Complete rehabilitation: from pre-implant surgery to immediate prosthesis 6 November 2014
Clinical case
Case history and general health
- A 63 year-old woman, with no medical history and no general contraindications, consults for an overall treatment plan. She smokes 15 cigarettes per day and has the impression of having suffered from "40 years of dental care".
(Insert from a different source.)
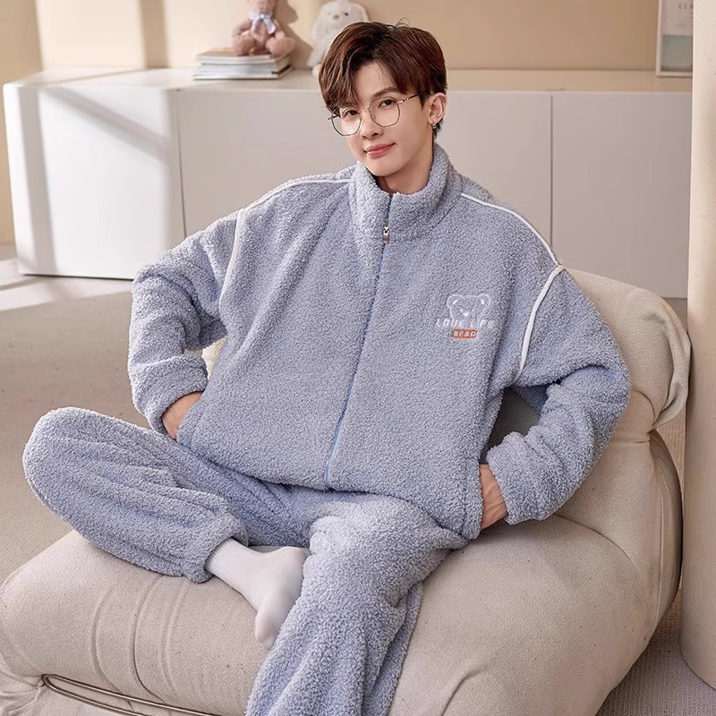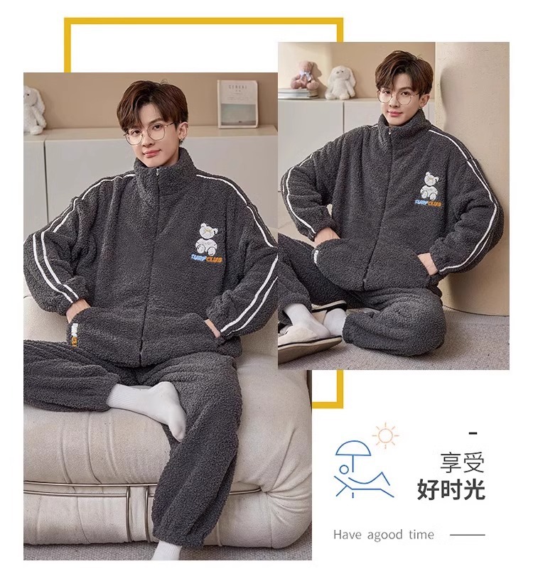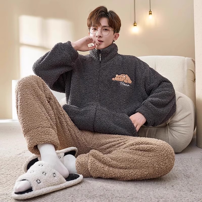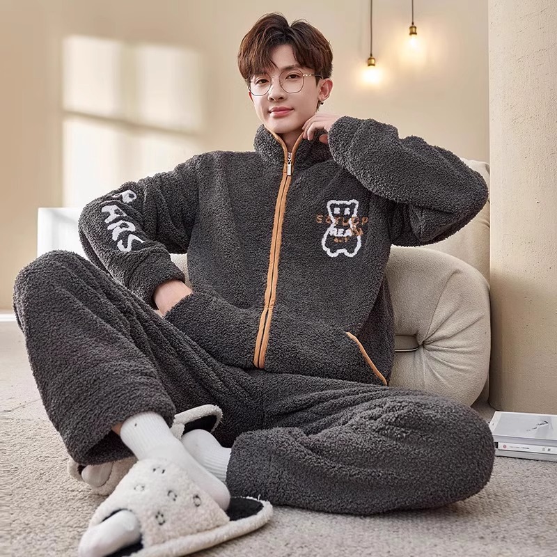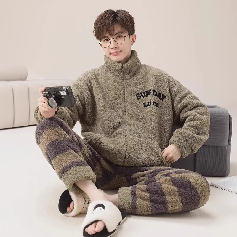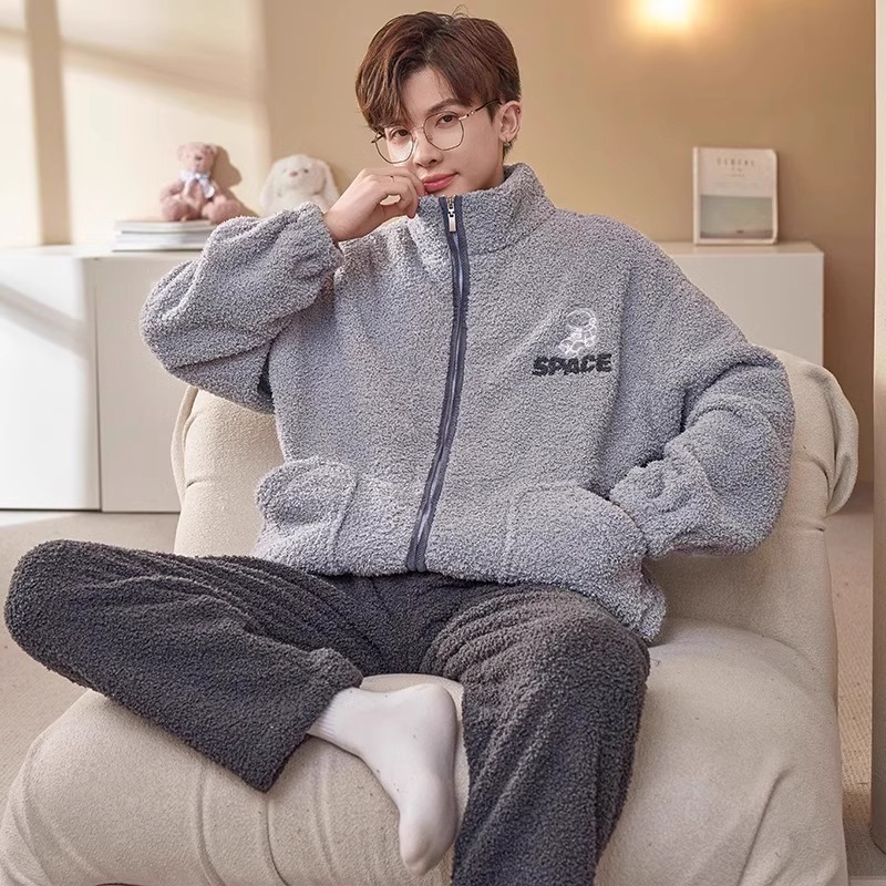 가을과 겨울 남성 양고기 양털은 겨울 세트 기모 두꺼운 잠옷 지퍼 밖에서 착용 할 수 있습니다.스토어 가기

- She has little respect for her teeth. She has never been informed of periodontal diseases and has never received any periodontal treatment nor any oral hygiene instructions. The functional and aesthetic demand is high.
We observe:
- 2 removable prostheses with visible clasps and an adequate prosthetic space;
- A large accumulation of tartar with colouring;
- Anterior maxilla edentulism, old bridge on sector 2, important recessions and periodontal retractions;
- More or less serious bleeding on probing, endodontic lesions and a terminal phase mobility around the maxilla;
- Topographical survey of initial pockets with generalised 8 to 15mm pockets, affected furcations on tooth 16 and 48 in the mesial plan.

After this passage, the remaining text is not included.